Overall, our estimate is that the Brexit referendum result has made little difference [to] growth in GDP in 2017 compared with what we predict would have happened without the referendum, and is expected to do the same in 2018. The forecasts listed [by] private sector forecasters of a 1% reduction in GDP imply that, with an out-turn of 1.8% growth, GDP growth without Brexit would have been 2.8%, which is higher than any year since 2007 except for the pre-election year 2014.
The UK is the only EU state, other than Malta, which exports more to non-EU countries than to other EU member states. UK exports of goods to the EU have usually been well below the levels predicted by [the Treasury’s] model equations.
… the share of UK exports (of goods and services) rose rapidly from accession in 1973 to 1990. Since 1990 the share first stalled and in recent years has been falling rapidly as non-EU markets have grown much faster than those within the EU and within the Eurozone. An analysis at company level finds that many British companies have been diversifying their trade away from the EU.
While tariffs on goods may be imposed overnight if the UK reverts to WTO rules, these tariffs are much smaller than when the UK joined the EEC in 1973. For many non-agricultural commodities the tariffs are now very low. Even if there is [a] new free-trade agreement, evidence suggests that many firms may prefer to pay the (low) tariffs to avoid paperwork. With the UK outside the customs union, there will also be additional administrative costs but the WTO Trade Facilitation Agreement of February 2017, recently signed by the EU, will help to minimise these. Other non-tariff barriers should be initially low since UK firms are mostly already compliant with EU regulations.
We have…become aware of a study of service trade (Walsh, 2006). This finds that services trade is influenced by size of economy and common language but not by distance. … If [we are] to accept Walsh’s conclusion of no EU membership impact on services trade with the EU, then our estimate of the total loss of EU trade following no deal on trade would be 12%. This equates to a 5% loss of total (EU plus non-EU) trade. This is much smaller than the Treasury’s estimate of 24% for the loss of trade in the event of no deal on trade. In our view, not all of the trade gains would be lost. UK firms would face a trade weighted tariff of around 4%, but outside food, drink, clothing and vehicles the tariffs are lower at around 1-2%. If firms were to increase their prices by the amount of the tariff and face an average price elasticity of -2 on their sales, then the loss of exports might be 4-8%. Regulatory issues should initially be minor due to the existing compliance of UK firms with EU rules, although there may be regulatory divergence over time. Kee and Nicita (2017) suggest that the loss of UK goods exports might be as low as 2% since commodities facing higher tariffs tend to have low price elasticities.

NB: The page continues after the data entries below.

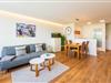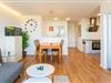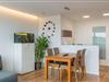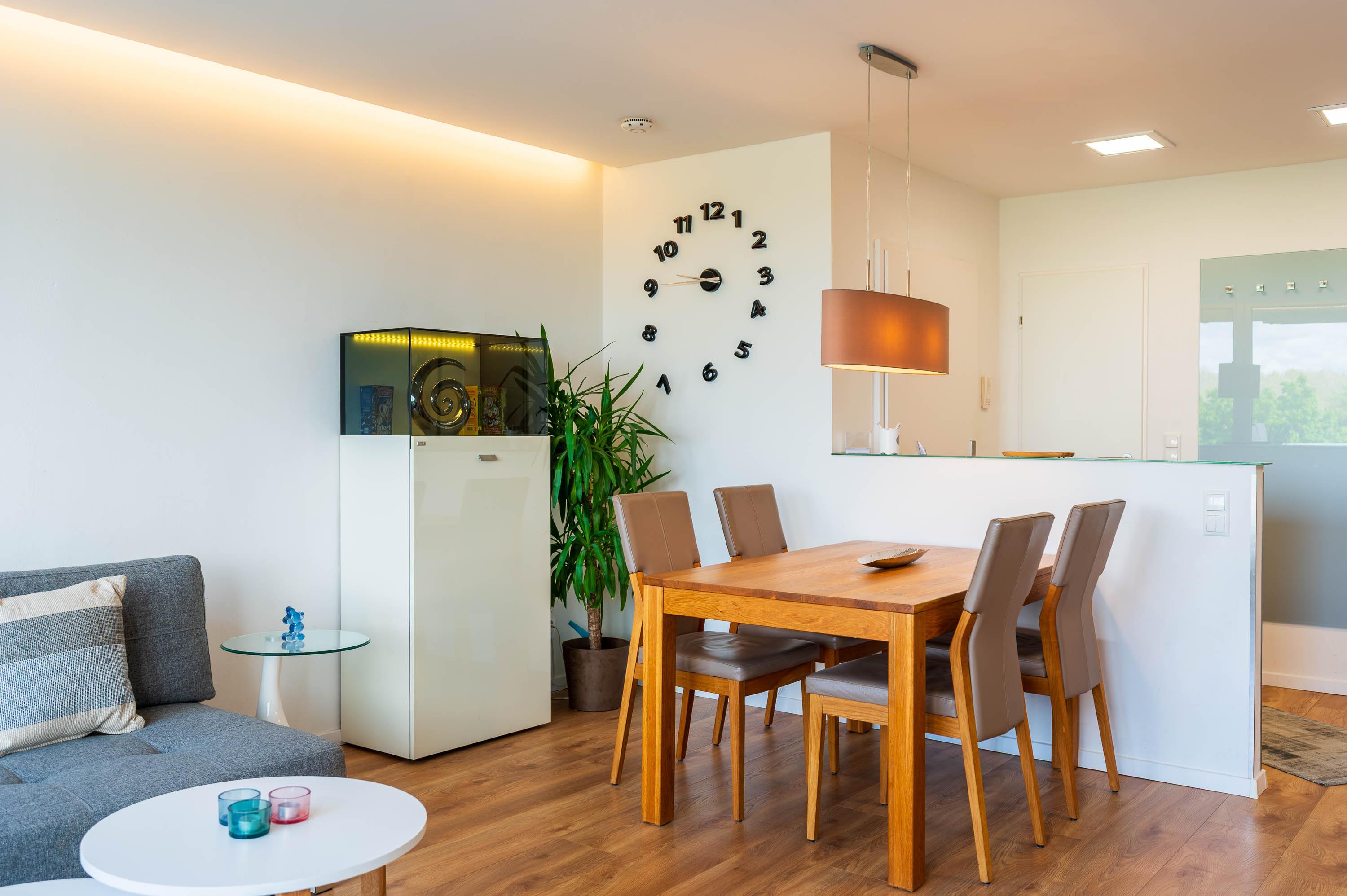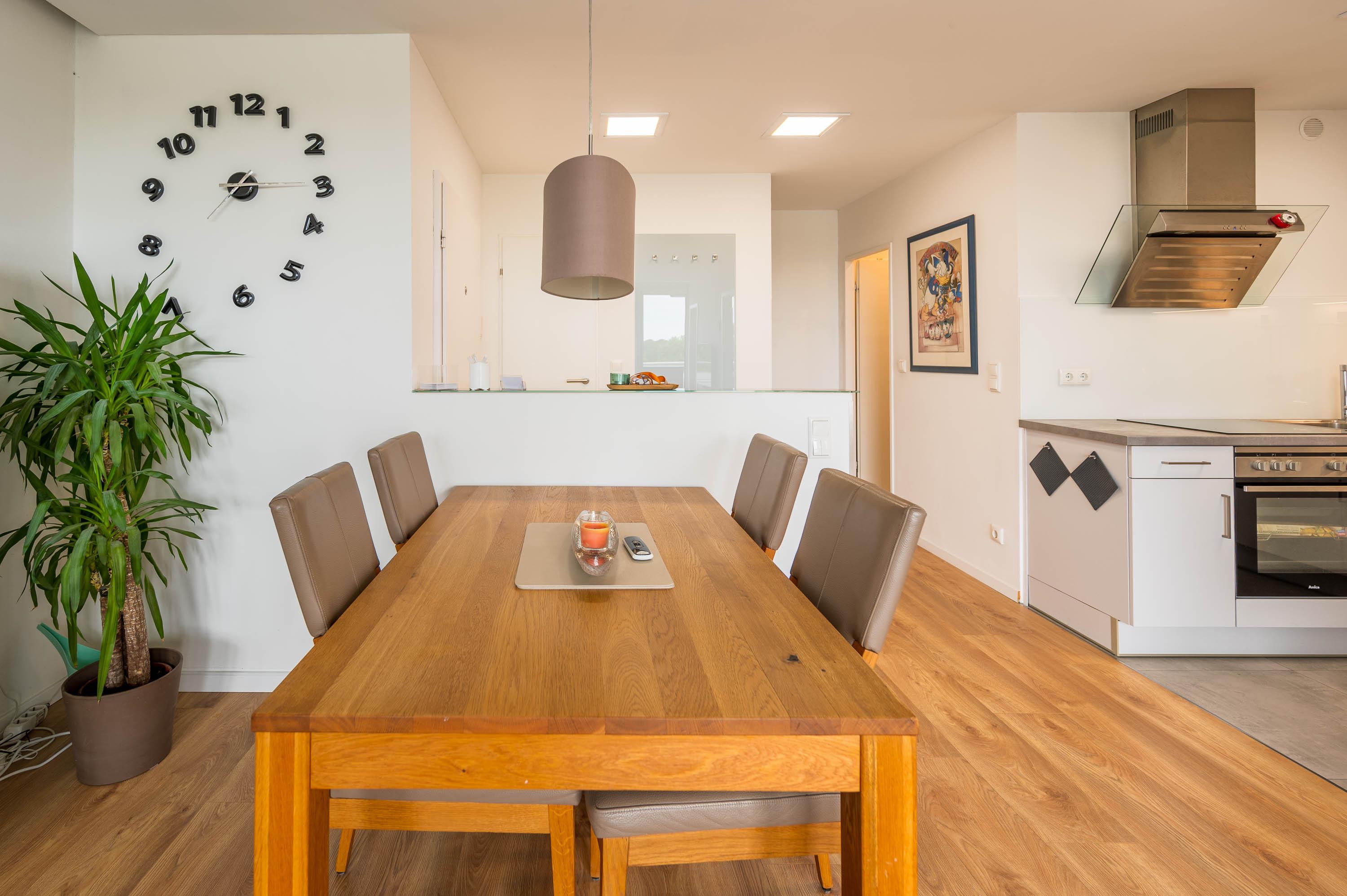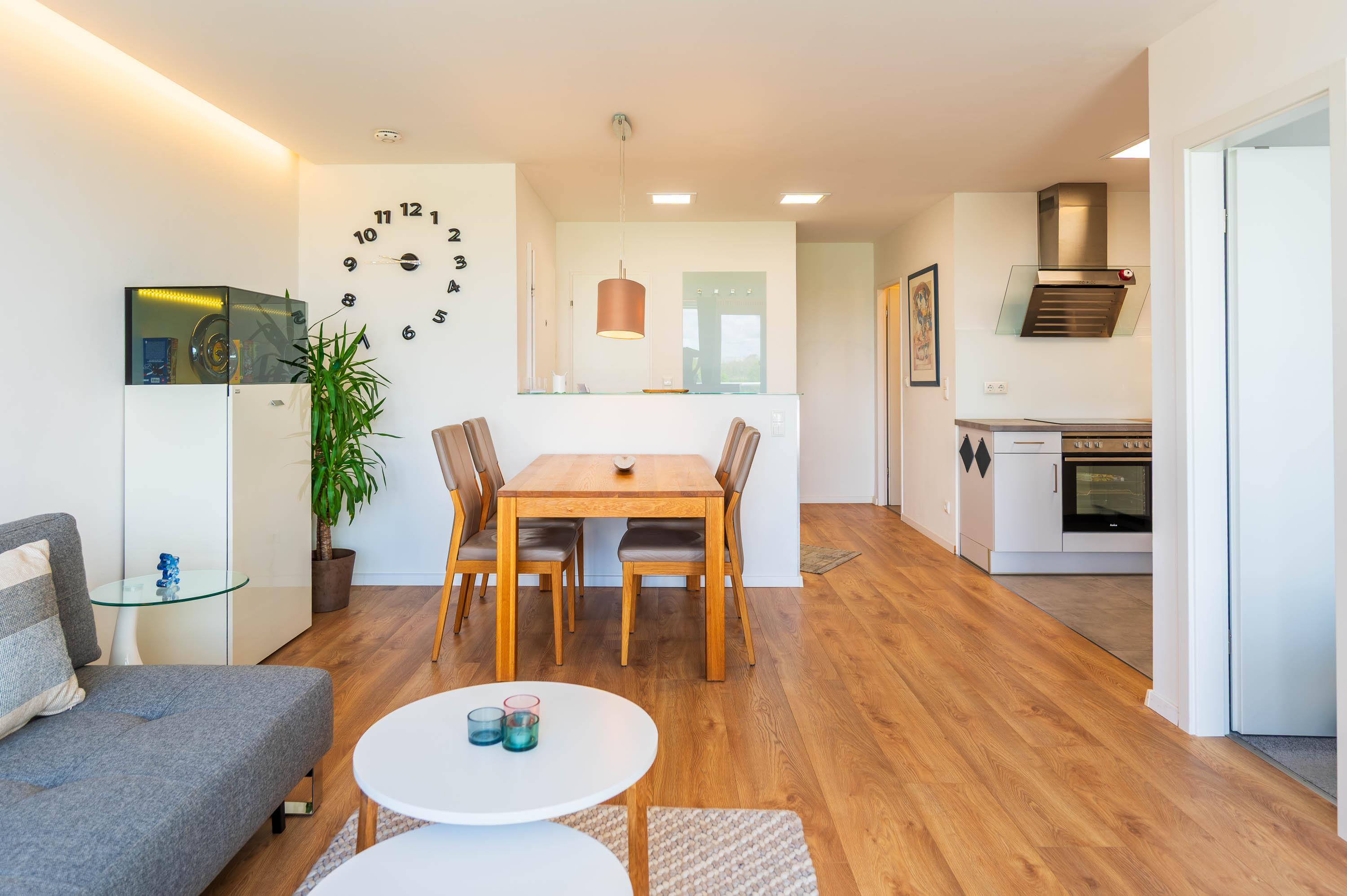 Im Wohnbereich bietet ein großer Holztisch mit vier bequemen Stühlen ausreichend Platz – perfekt für ein Essen in gemeinsamer Runde. Direkt gegenüber befindet sich die angrenzende Einbauküche. Die offene Küche mit Arbeitsfläche in Betonoptik ist mit hochwertigen Elektrogeräten ausgestattet. Ceranherd, Backofen und Geschirrspüler, Kühlschrank mit separatem Gefrierfach, Wasserkocher, Toaster und eine Kaffeemaschine bietet eine Ausstattung fast wie zu Hause.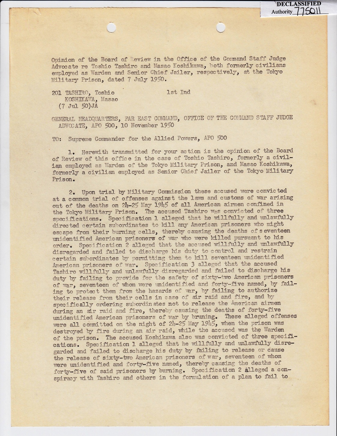 OPINION OF THE BOARD OF REVIEW TOSHIRO TASHIRO AND MASAO KOSHIKAWA PAGE 1
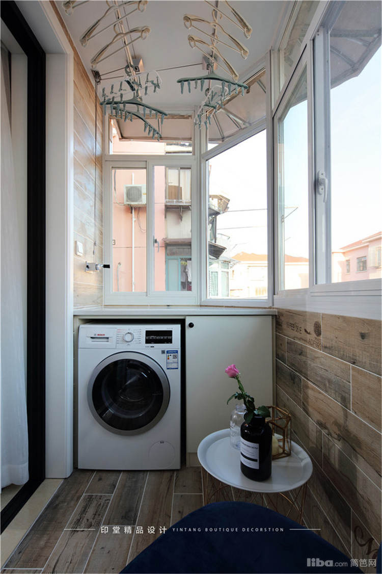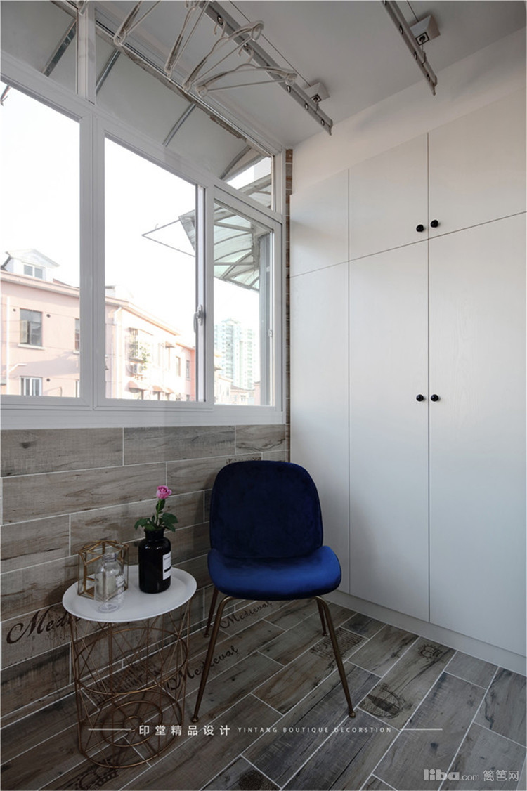 阳台是在主卧里面的,做了顶天立地的柜子,大大增加了收纳功能。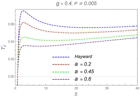 As depicted in Figure 2 and Figure 3, the temperature exhibits a varying pattern with the entropy S, and displays local maxima and minima. This behavior confirms the occurrence of phase transitions between different stages of BHs. The temperature reaches zero at a specific entropy value, revealing an extremal BH. The extremal BH’s entropy allows us to determine its corresponding radius, which can also be calculated from the metric function. The extremal BH radius corresponds to where the metric function reaches its minimum, signifying that the derivative of the metric function at that point is zero. The temperature expressions for the Hayward–AdS and Schwarzschild–Letelier–AdS BHs, respectively, are as shown in the figures.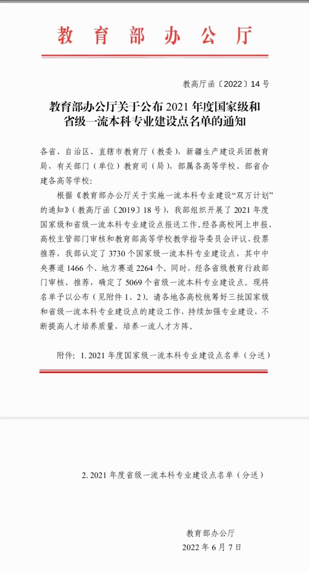 日前,教育部办公厅下发了《关于公布2021年度国家级和省级一流本科专业建设点名单的通知》,公司生物科学专业入选国家级一流本科专业建设点。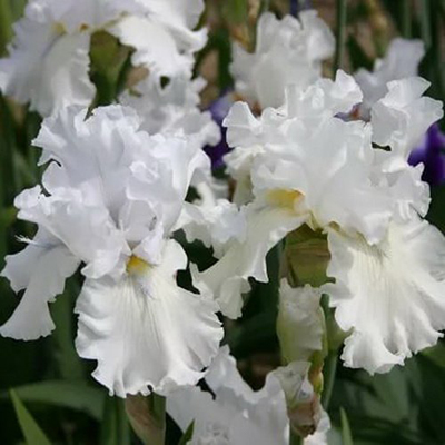 Нежно-белый с лимонно-желтой бородкой. Лепестки волнистые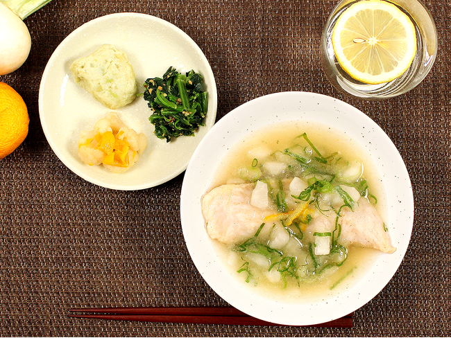 白身魚はやわらかく蒸し上げられ、口の中でほどけるような食感になっています。お出汁香る醤油ベースのたれと、ゆずの爽やかな香りで冬らしく仕上げています。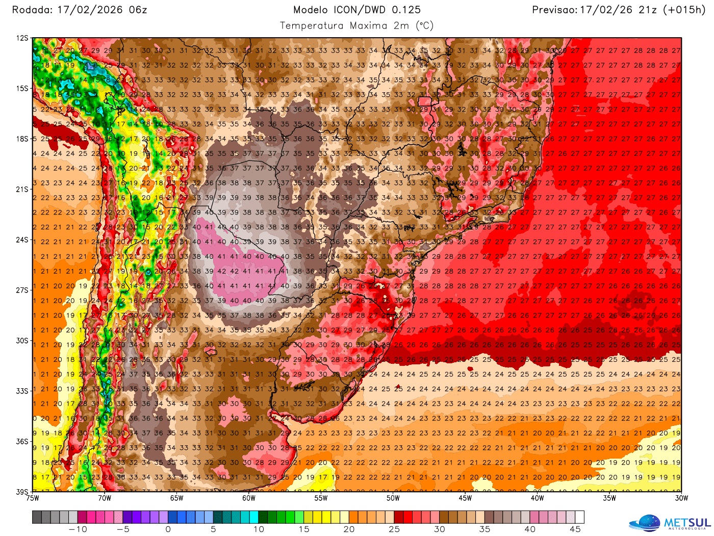 O calor mais extremo associado a este bolsão de ar quente vai se concentrar no Paraguai e no Norte e Nordeste da Argentina, onde são esperadas máximas de 40ºC a 44ºC nesta segunda metade da semana.

This paper recognises that the impact of EU membership was much smaller for the UK than for other EU members. We had assumed that HMT’s failure to recognise this key point in their 2016 report was due to an oversight, but the existence of the 2005 Treasury paper suggests that it was more deliberate. The omission could, of course, be due to a lack of institutional memory in an organisation with high staff turnover, but it is important to note that the official responsible for the 2016 report, Treasury Chief Economist, Sir Dave Ramsden (now Deputy Governor at the Bank of England), was employed at the Treasury in 2005.